- _WHAT IS NEEDED_: Skip the pictures. Set down, word for word, the lines from the start of the material up to and including the line with "Com um cuidado".

MATERIAL PROVIDED section start

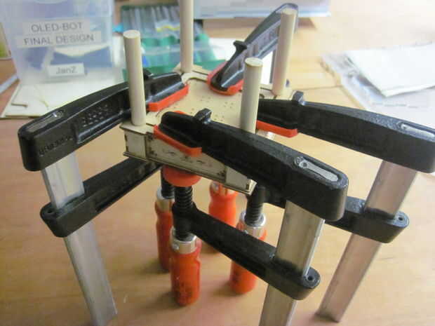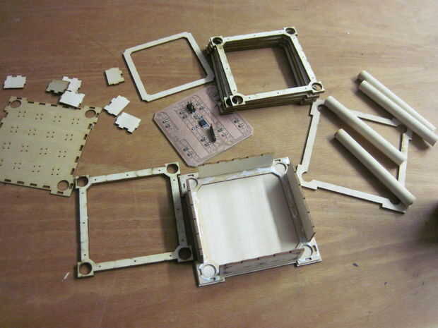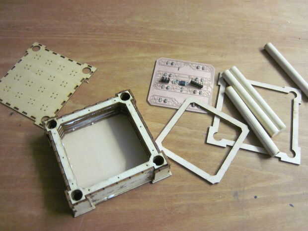 El proceso de construcción es bastante simple: sólo apilar las piezas más grandes, la madera redonda alinea. Inserte las paredes pequeñas en las ranuras correspondientes (espiga más pequeña hacia arriba). Pegar con pegamento para madera - aparte de la capa inferior de la madera, que servirá como una especie de escotilla para cambiar las pilas. He añadido los agujeros pequeños en cada capa para tornillos pequeños, pero hasta ahora las espigas de los lados son lo suficientemente fuertes como para sostener la parte inferior por la fricción.
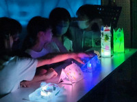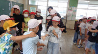 また、実際にバルーン投光器を照らしてみたり、簡易トイレを組み立てたりしました。子供たちは、投光器の明るさに驚いたり、子供たちだけで簡単に組み立てられ、丈夫な簡易トイレに感心したりしていました。
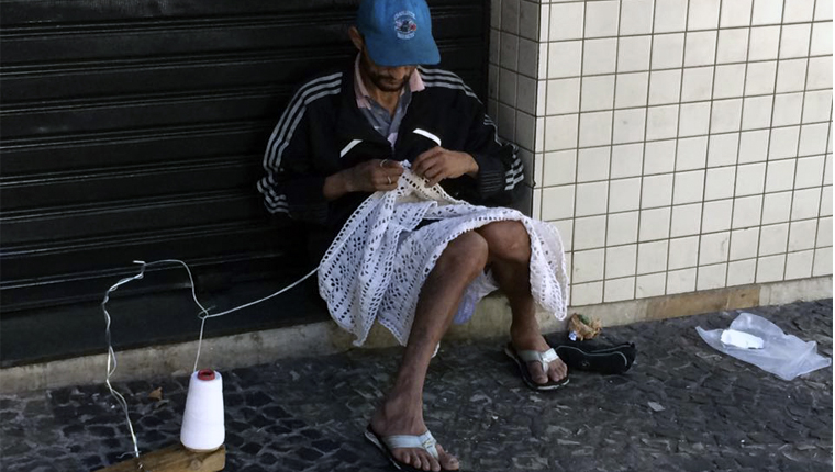 Com um cuidado e criatividade sem igual, este morador de rua do centro de Belo Horizonte possui uma maneira bastante interessante de garantir seu sustento: ele faz tricô e crochê, é realmente um artista! Clayton já é conhecido na rua Timbiras e diz que tricotar o ajudou a superar muitas dificuldades.
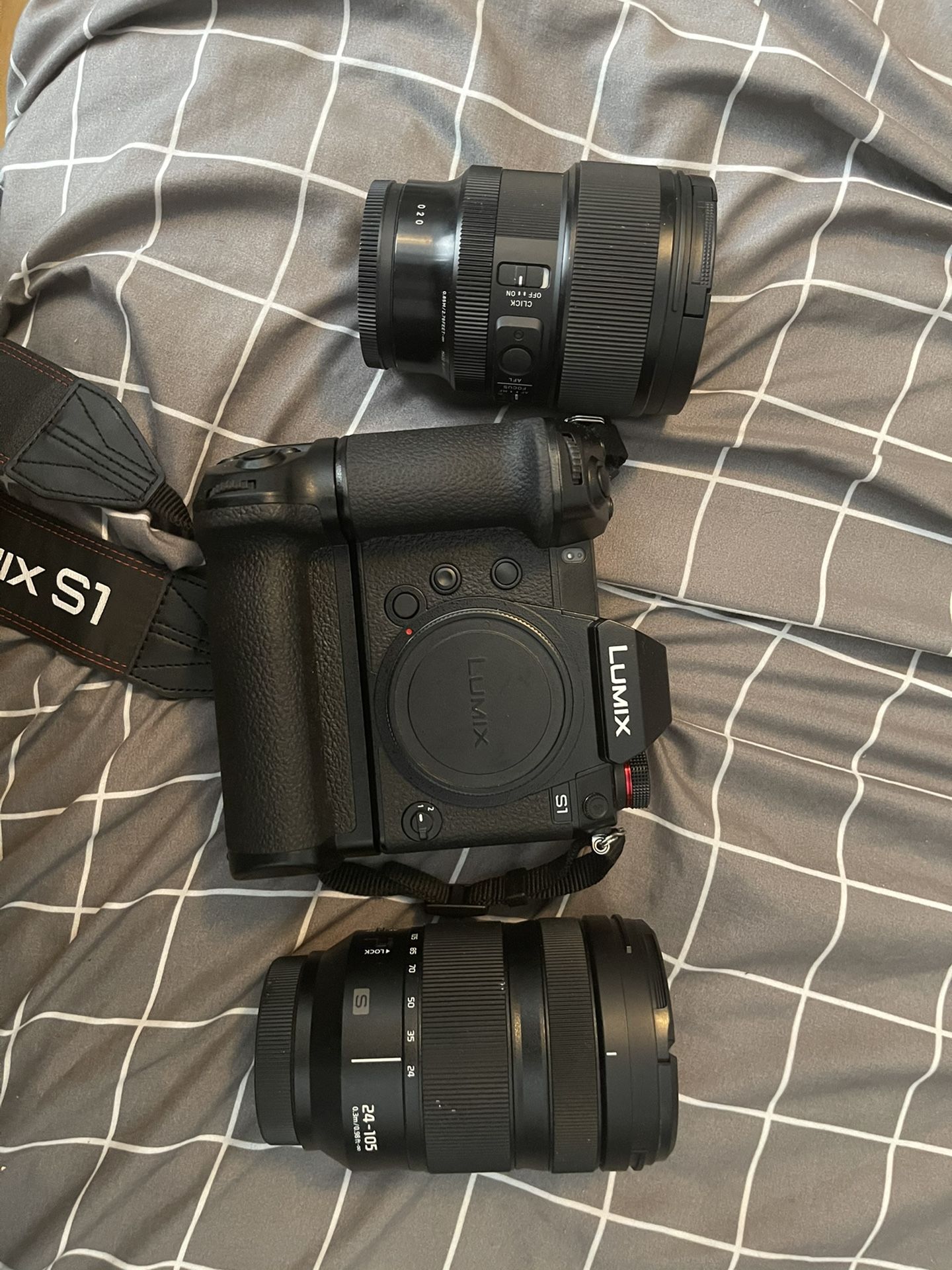 LUMIX S1 mint condition Battery grip mint condition LUMIX 25-105mm f4 lens mint condition 85mm f1.4 Leica art lens Godox speed light 36inch westcott rapid box octa diffuser Umbrella diffuser 78 inch mount for light Tripod

MATERIAL PROVIDED section end

- _ANSWER TO THIS TASK_:
 El proceso de construcción es bastante simple: sólo apilar las piezas más grandes, la madera redonda alinea. Inserte las paredes pequeñas en las ranuras correspondientes (espiga más pequeña hacia arriba). Pegar con pegamento para madera - aparte de la capa inferior de la madera, que servirá como una especie de escotilla para cambiar las pilas. He añadido los agujeros pequeños en cada capa para tornillos pequeños, pero hasta ahora las espigas de los lados son lo suficientemente fuertes como para sostener la parte inferior por la fricción.
 また、実際にバルーン投光器を照らしてみたり、簡易トイレを組み立てたりしました。子供たちは、投光器の明るさに驚いたり、子供たちだけで簡単に組み立てられ、丈夫な簡易トイレに感心したりしていました。
 Com um cuidado e criatividade sem igual, este morador de rua do centro de Belo Horizonte possui uma maneira bastante interessante de garantir seu sustento: ele faz tricô e crochê, é realmente um artista! Clayton já é conhecido na rua Timbiras e diz que tricotar o ajudou a superar muitas dificuldades.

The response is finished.